Strength - The key Apple strengths are its strong balance sheet, customer loyalty, growing market share, and global brand awareness. Weakness - Apple has little weakness other than its dependence on the iPhone, which brings in the most cash. Also, the company has a low dividend yield. Opportunity - Apple has the opportunity for growing its market share globally. Threats - Apple has several threats. First, it has a huge exposure to China. US and China tensions are growing. Second, the strong US dollar is making its products unaffordable in many countries. There are regulatory concerns, especially because of its app store. Finally, Apple TV+ is struggling to compete with the likes of Netflix.There are several strategies to day trade Apple shares. First, the most common strategy is known as trend moving. This is a strategy that involves buying the shares when they are rising and holding the position until the trend fades.
Second, you can trade reversals. This is where you wait for a trend to fade and then trade the reversal. In most cases, this trading strategy works when traders use technical indicators like moving averages and the Relative Strength Index. It also works when people use chart patterns like double-top and head and shoulders.

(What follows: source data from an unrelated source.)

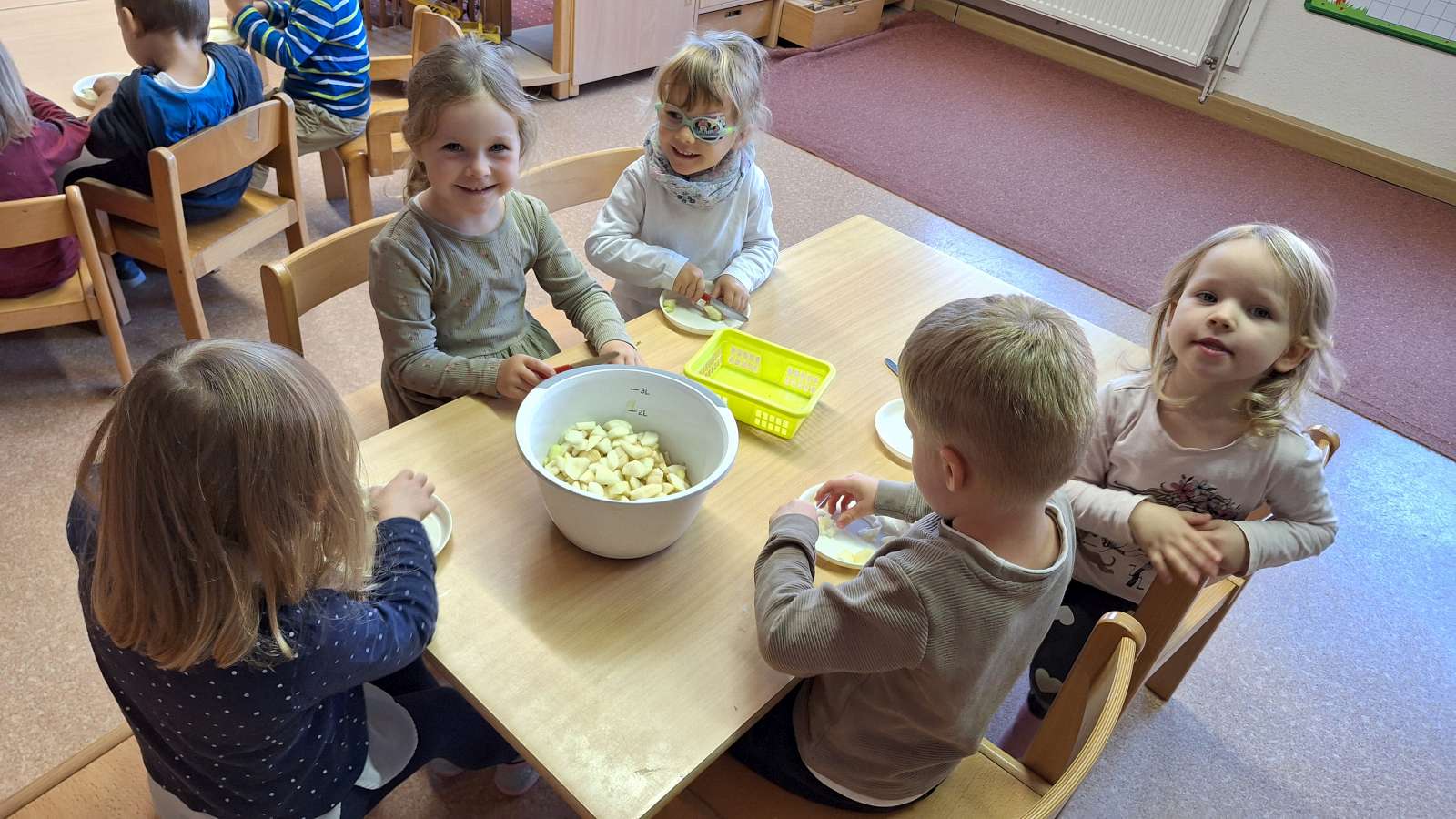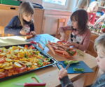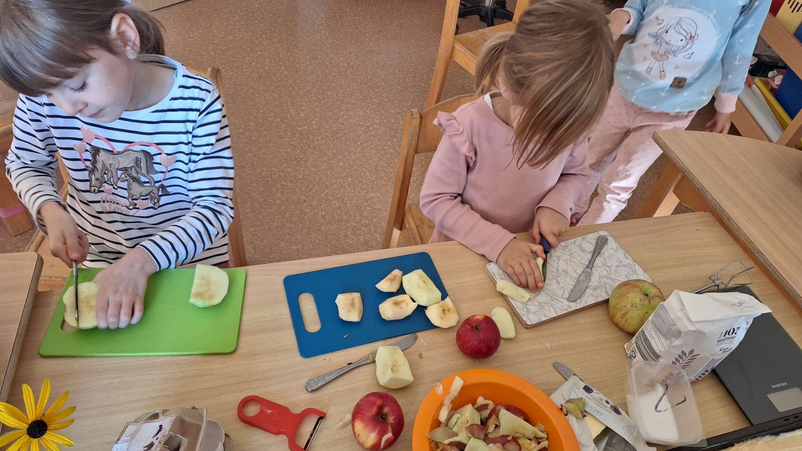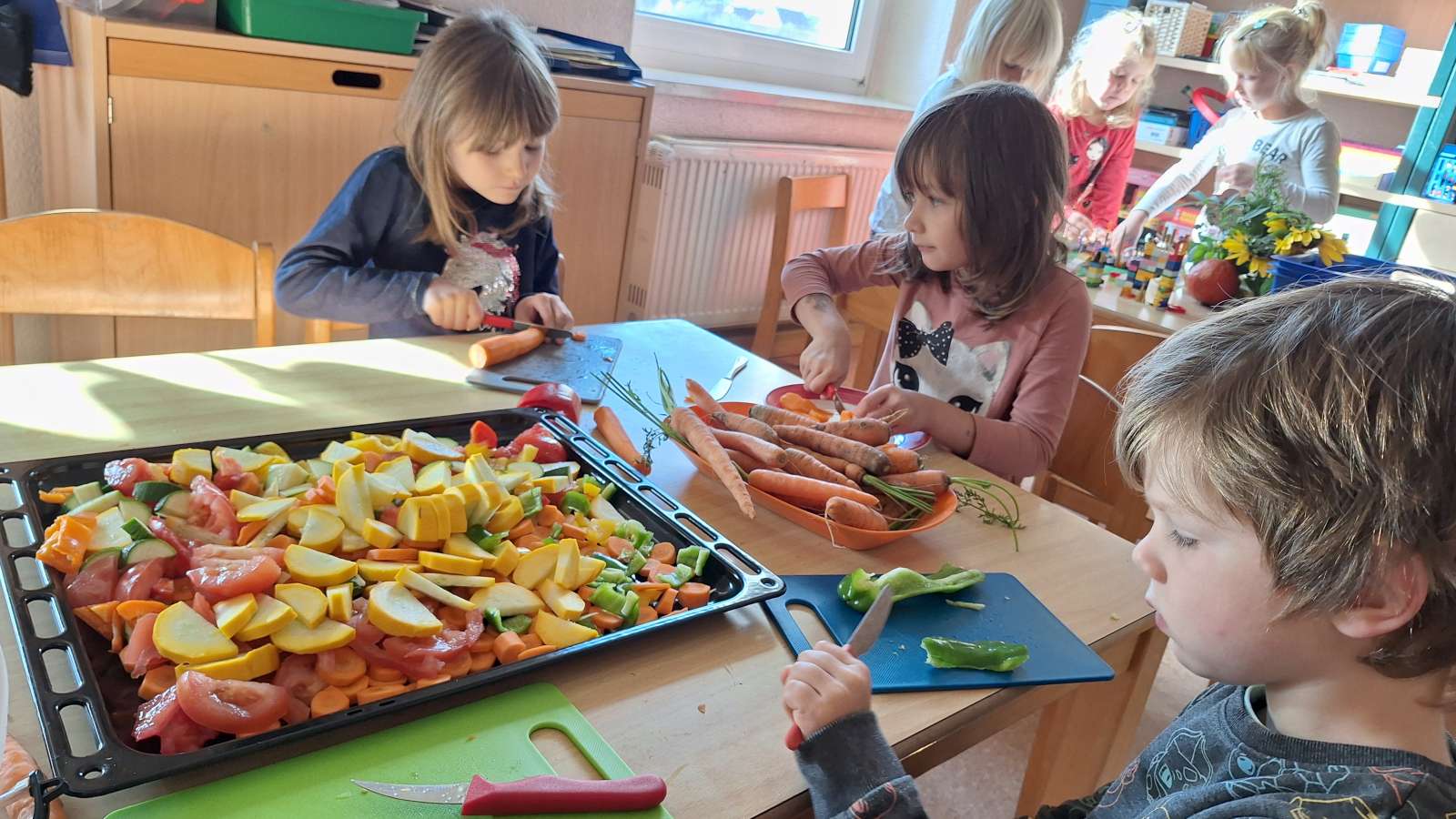 Zelenina za jušku bjerješe so z korbow dźěći. Skupina lutki přihotowaše jušku. Dźěći kubołčikoweje skupiny běchu za krušwiny kompot zamołwite.
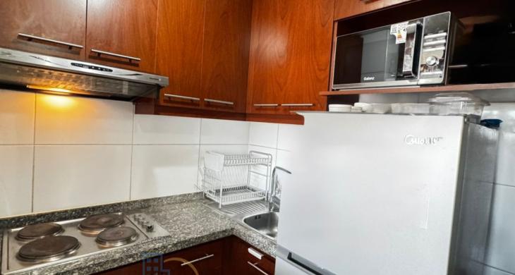 Este acogedor departamento de 34 m² construidos, ubicado en el piso 12, cuenta una vista panorámica increíble, 1 dormitorio en suite, 1 baño, ideal para solteros o parejas. Disfrute de una cocina amoblada y equipada, con encimera eléctrica de 4 platos, horno empotrado eléctrico, campana, un luminoso espacio habitable y una terraza de 4 m² perfecta para relajarse y disfrutar del entorno. Además, incluye 1 estacionamiento y 1 bodega, ofreciendo soluciones de almacenamiento convenientes.
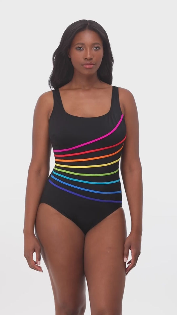 Crafted with precision and attention to detail, the Longitude 8 Overlay Fan Tank Block It Up is more than just a swimsuit; it's a statement. Whether you're lounging by the pool or strolling along the beach, this piece effortlessly exudes ageless style.
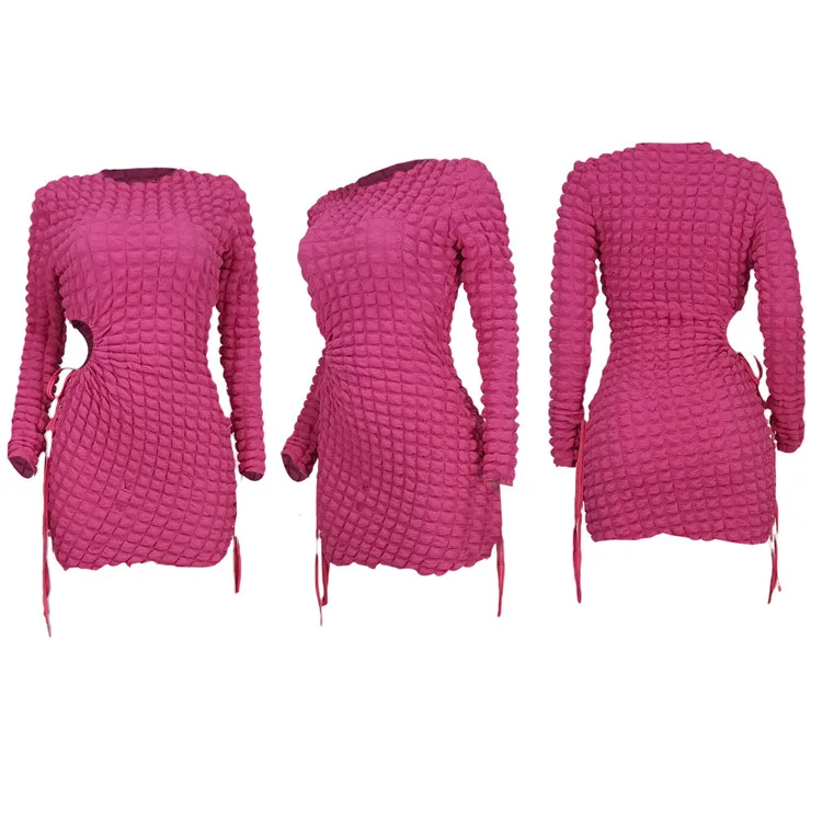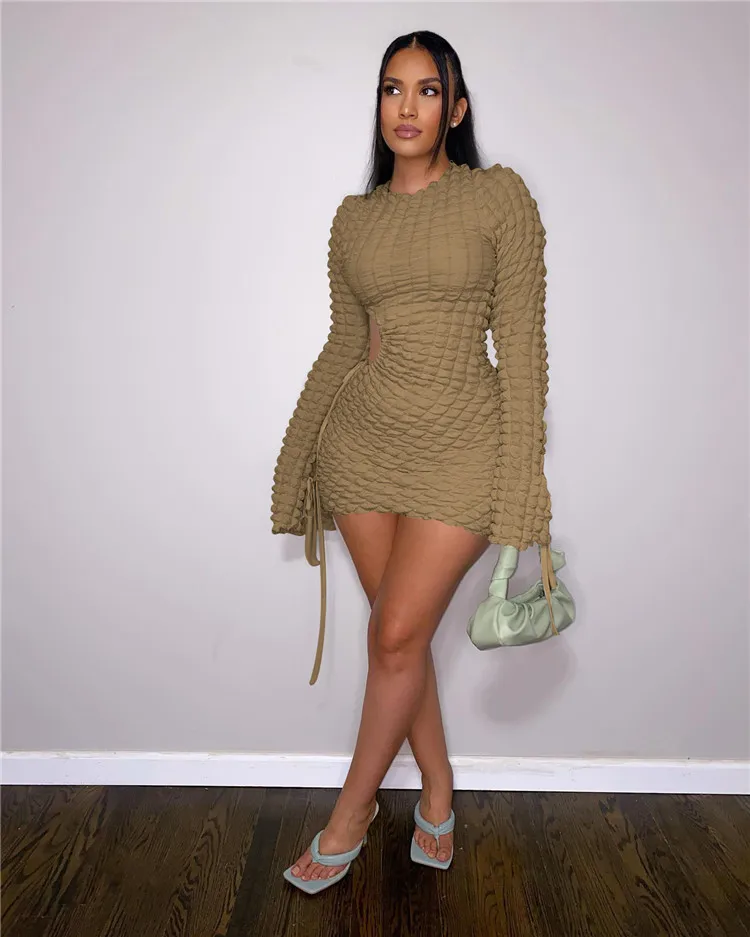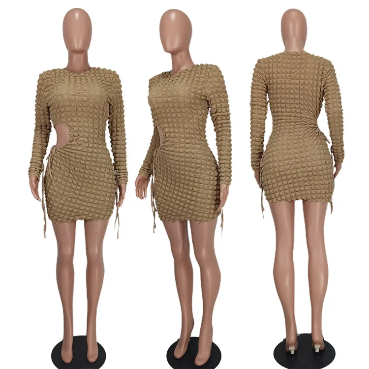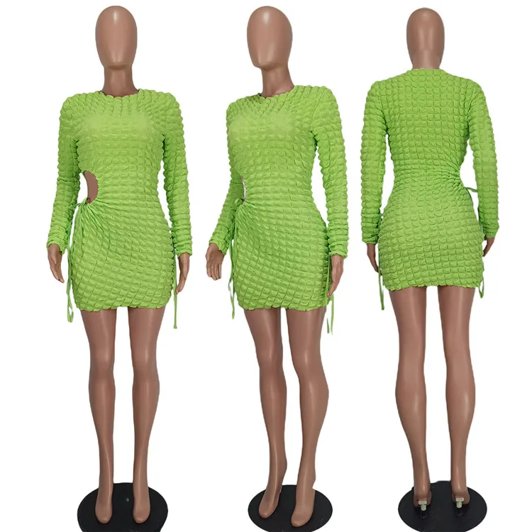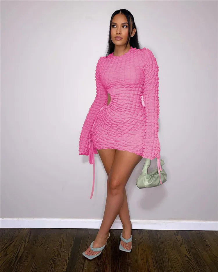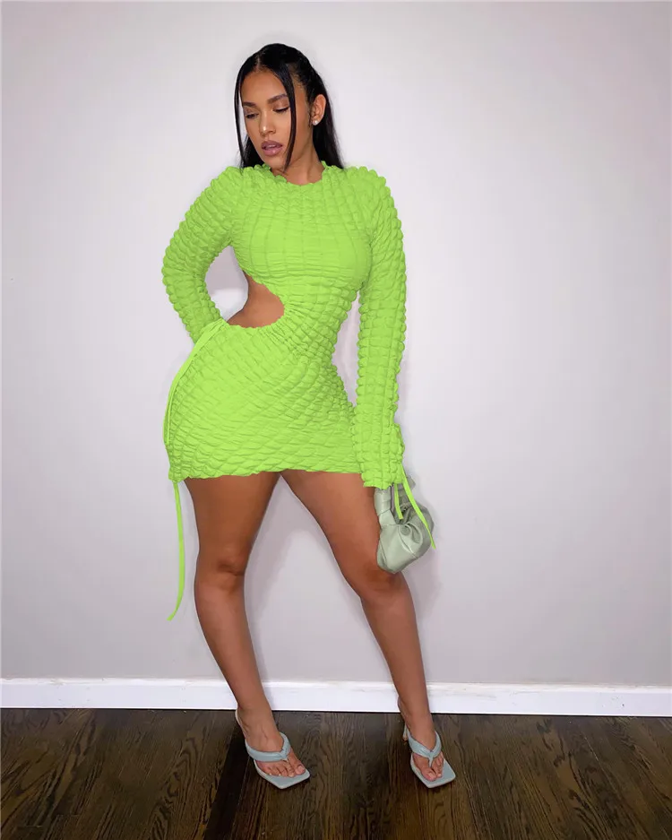 Fashion Puff Fabric Mini Bodycon Dress for Nightclub Hollow Out Drawstring Long Sleeves Round Neck Stretchy Party Dresses

Third, you can use candlestick patterns like doji, hammer, and shooting star to identify breakouts and reversals.
The other strategy is known as scalping, where you open positions and then exit shortly afterward with a small profit.
In this article, we have looked at Apple and some of the key things to consider when investing and trading it.
As we have seen, the company has a strong market share in key industries, is highly popular among traders and individuals, and has been a strong performer.